I'm not into kiddie shit. I don't like kids media. I never cared for the cartoons I used to watch when I was younger. I'm not "kidcore" or "plushcore" or "liminal-space-of-a-playground-core" or whatever-core.
I am a proud, dubiously respectable 20-going-on-21 year old adult.
But... A few weeks ago I stepped onto Twitter one day and saw a resurgence of the greatest thing that ever happened to 4-year-old me.
And now I've been silently obsessing over this stupid piss-colored rat and his stupid technicolor ensemble ever since. And I decided to half-sorta-kinda make some designs for a possible AU/parody "reboot", because my body functions on embarrassment and embarrassment alone.
We're going full cringe, gamers. This is my domain.
Join me, friends, on my pilgrimage to 0 followers because I keep posting stupid shit instead of things of substance.
I am going on a downward spiral to Hell and I'm dragging all of you down with me. (this is a very long post with extra autistic rambling, courtesy of yours truly)
You guys remember the show "Wow! Wow! Wubbzy!"?
Well. I do. And if you (reader) do too, we're already kissing (no allo).
For those of you who aren't in the loop with Twitter's community bullshit, basically for Year of the Rabbit, some furry artists managed to dig up... Widget, as their primary source material, because she's a rabbit. And I'm half parts giddy and half parts pissed for multiple reasons.

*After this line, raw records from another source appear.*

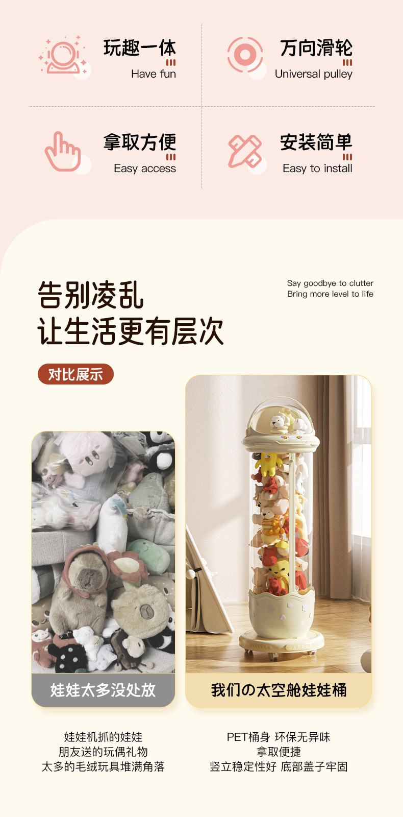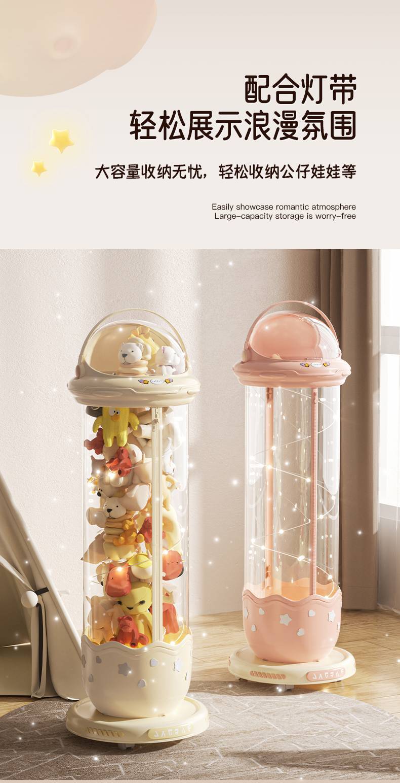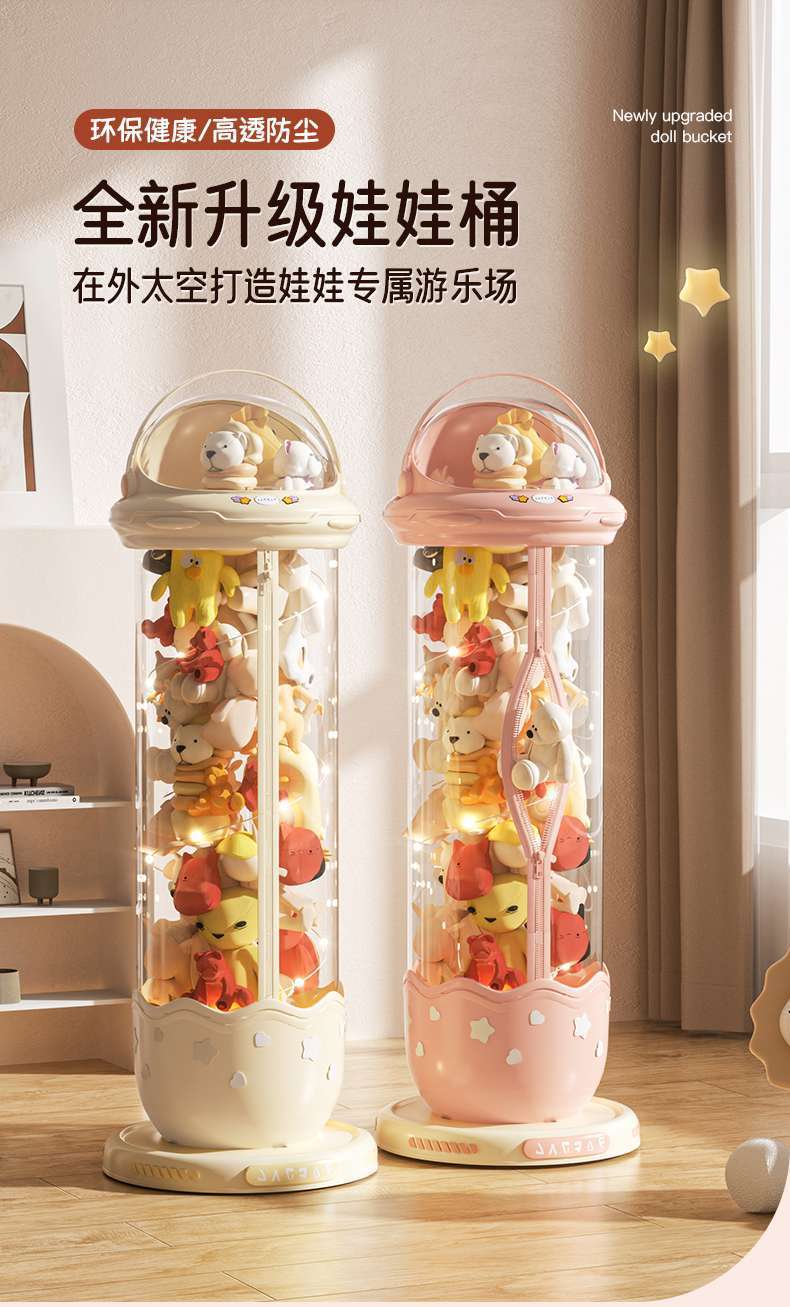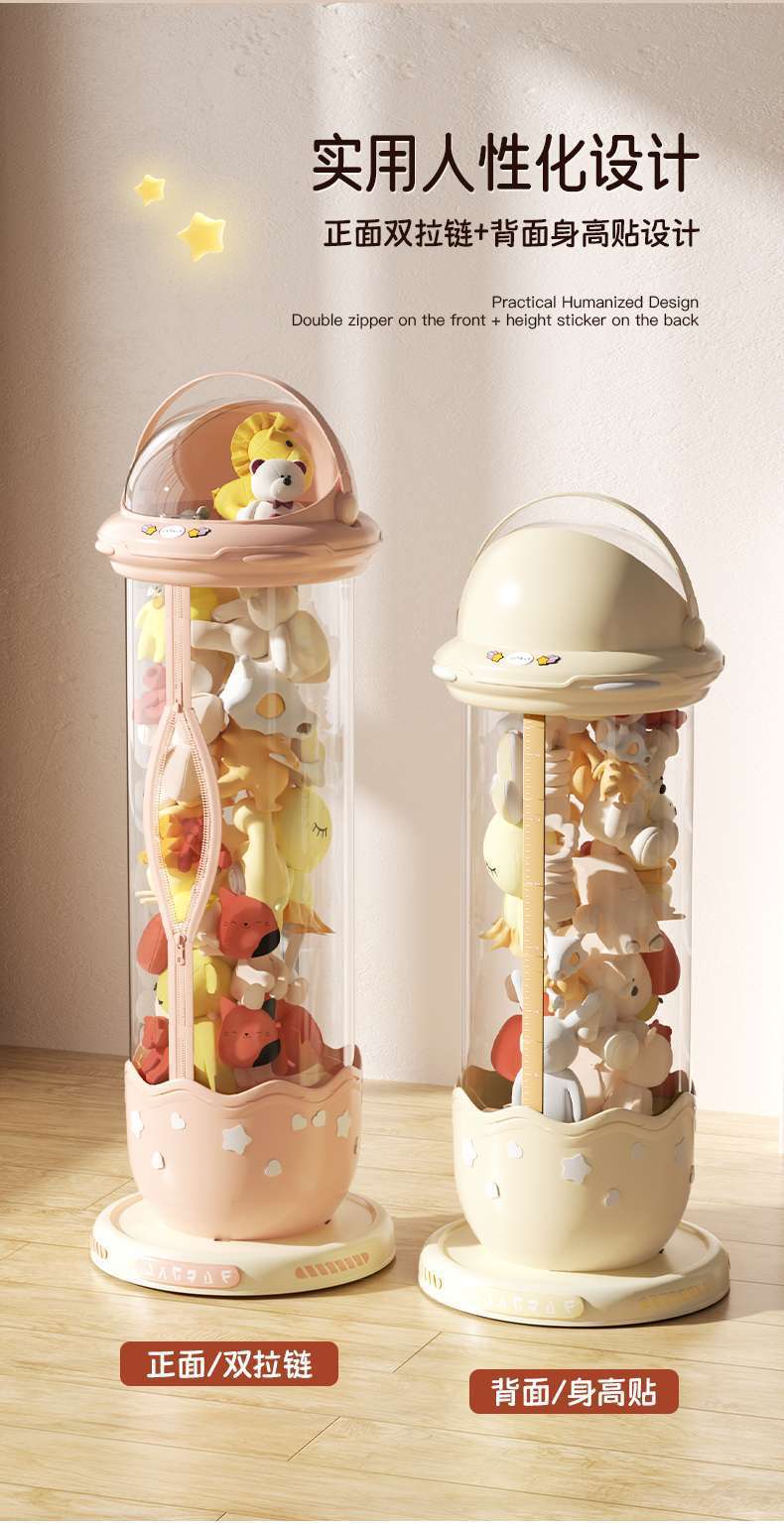 가정용 플러시 장난감 인형 보관통 지퍼 보관 유물 인형 투명 대용량 보관통
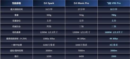 飞拍VR6 PRO 对比大疆Spark、Mavic参数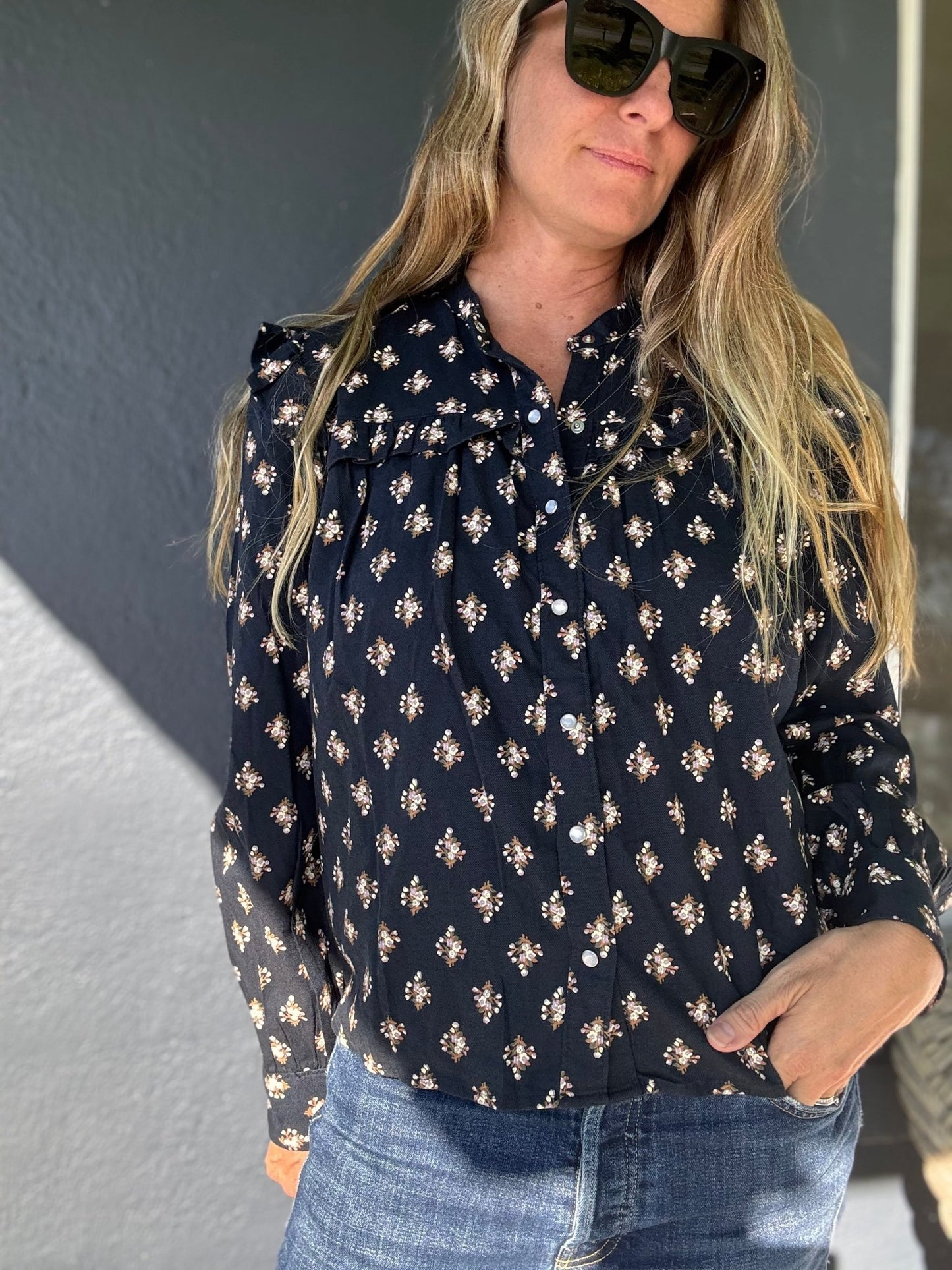 Add a flirty twist to your wardrobe with the LEVIS Gianna Long Sleeve Blouse in Yulia Floral, featuring charming ruffle trim and a classic button-up design. Perfect for adding a touch of fun and elegance to any outfit!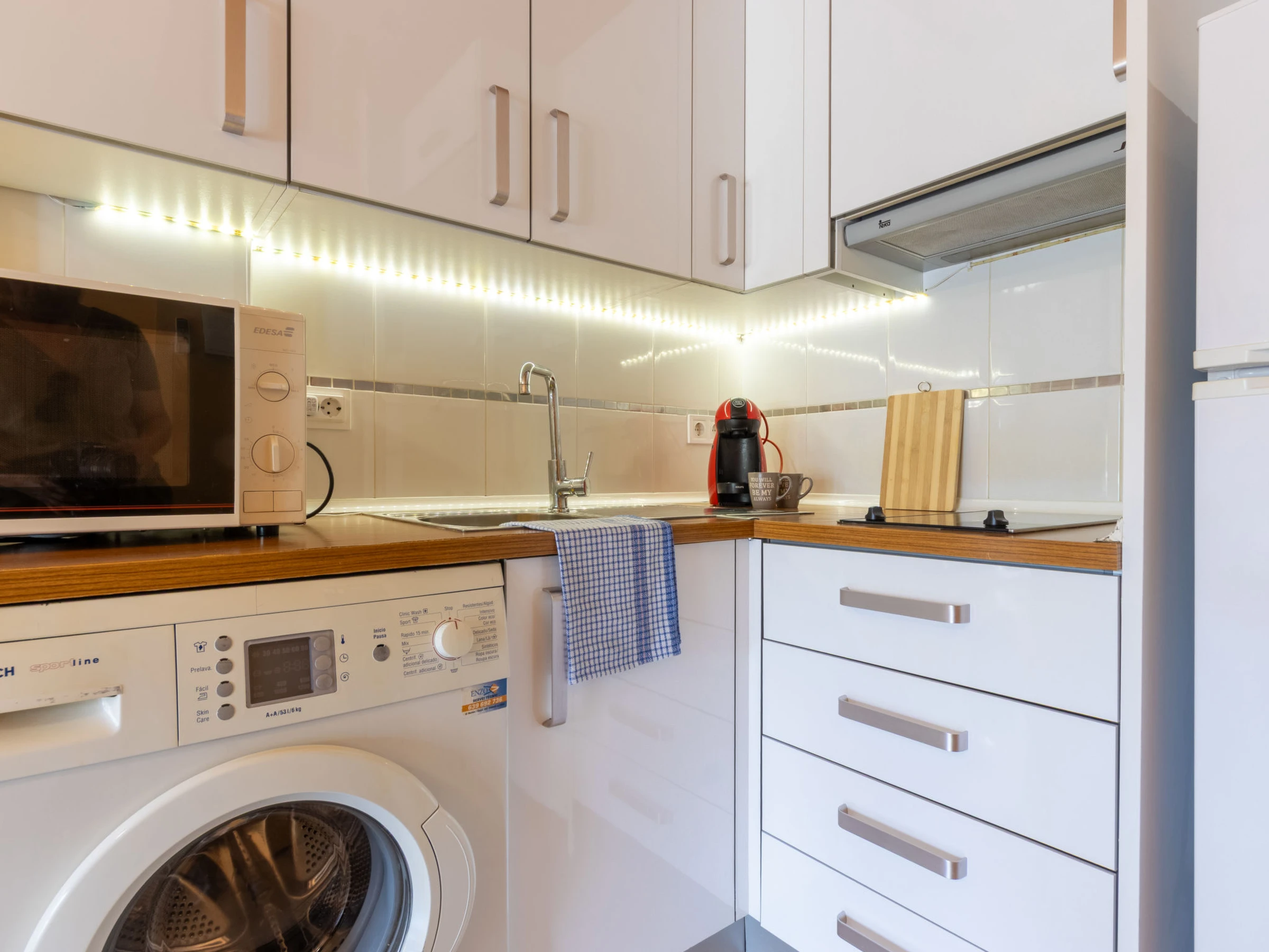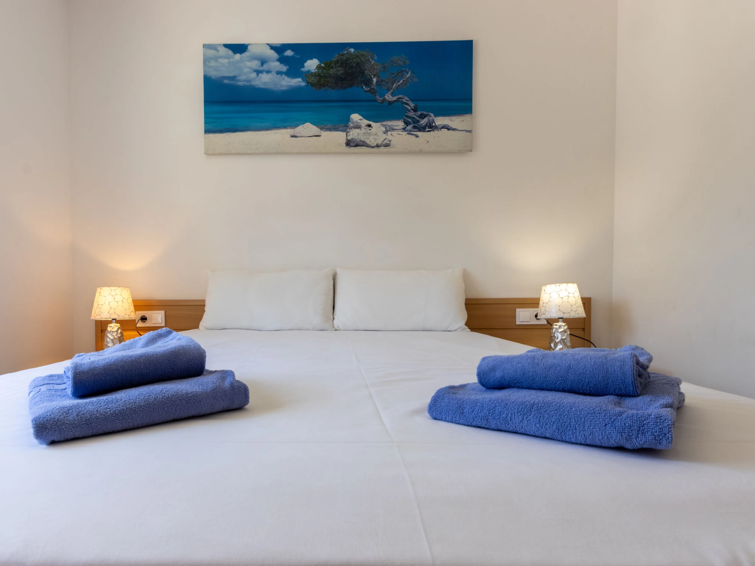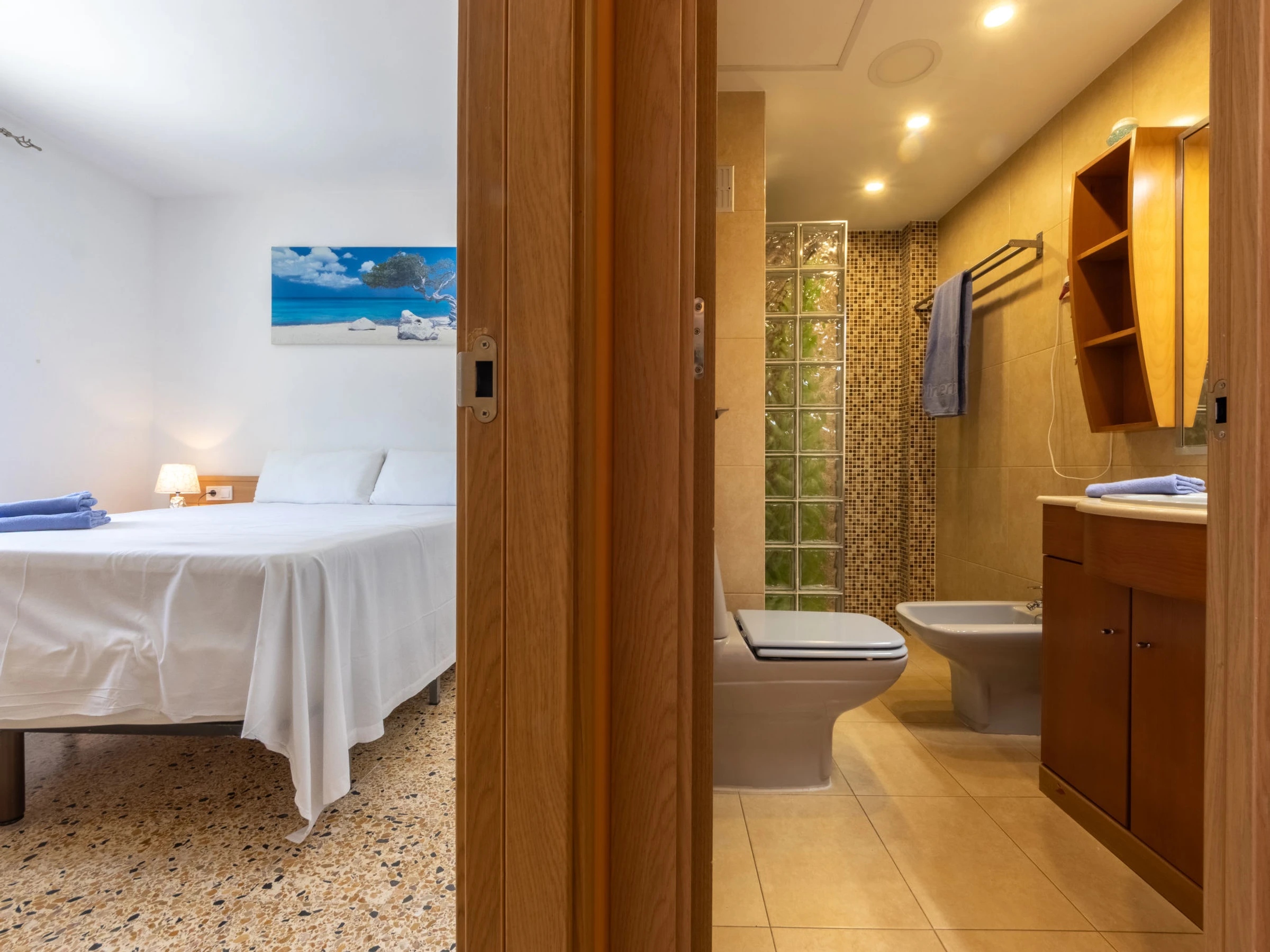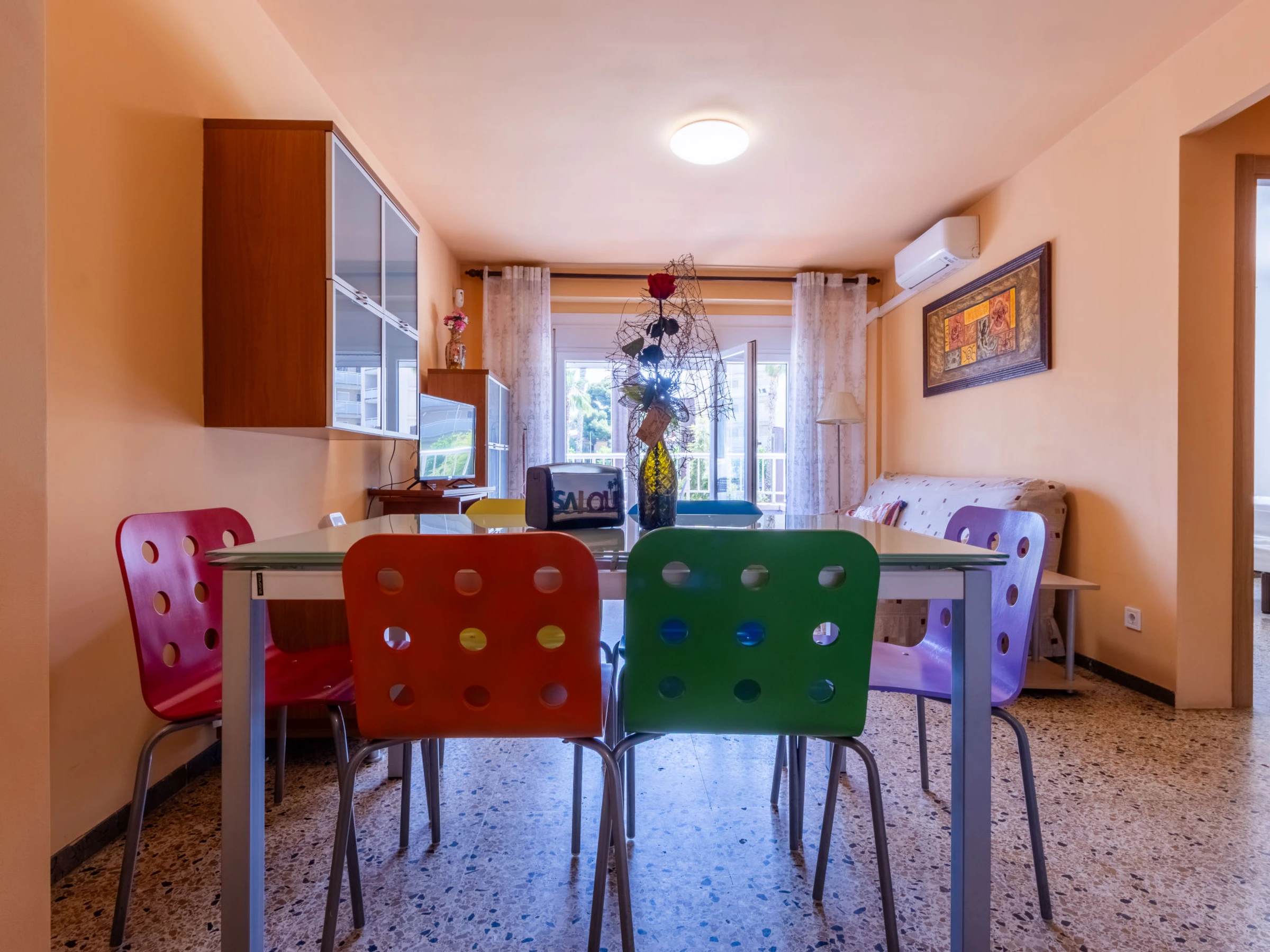 "California 2", apt 3 pièces 50 m2. Aménagement fonctionnel: séjour/salle à manger avec Télévision numérique et air-conditionné. Sortie sur le balcon. 1 chambre avec 1 grand-lit (150 cm, longueur 190 cm). 1 chambre avec 1 grand-lit (135 cm, longueur 190 cm). Cuisine ouverte (2 plaques vitrocéramiques, grille-pain, bouilloire électrique, micro-ondes, cafetière électrique, Capsules pour machine à café (Dolce Gusto) (NON INCLUSES)). Douche/bidet/WC. Chauffage à air chaud, chauffe eau (50 litres). Chauffage pas dans toutes les pièces. Balcon. Mobilier de balcon. Vue sur la ville. A disposition: lave-linge, fer à repasser, sèche-cheveux. Veuillez noter: logement non-fumeur. TV seulement ES. [hidden] ESFCTU[hidden][hidden][hidden]HUTT-33355397

For starters (somewhat unrelated), the HBO Max rendition of Scooby Doo, "Velma" came out sometime in 2023 (I can't exactly remember the date). It was essentially a SUPARR GRITTY EDGY ADULT REBOOT
In short, it horribly butchered the source material and in its attempt to be a SUPARR GRITTY EDGY ADULT REBOOT, basically became an insulting mockery of the show it was based off of or "reviving".
And I thought to myself... What if I did that? What if I ruined my own childhood by taking this crown jewel of 2006 and also turning it into a SUPARR GRITTY EDGY ADULT REBOOT?
In the parodical sense, of course.
Basically a reimagining of Wubbzy and friends in a late 2010s setting, possibly 2016, when the characters are a little older and having to slog through the parts of life that aren't particularly suitable for a preschooler's cartoon.
I wanted to keep the art style somewhat true to the source material, but my cartooning skills are extremely rusty and I don't know how to give things the "Generic Adult Cartoon" look, so the art style ended up looking like the horrible out-of-wedlock spawn of Winnie the Pooh and Adventure Time.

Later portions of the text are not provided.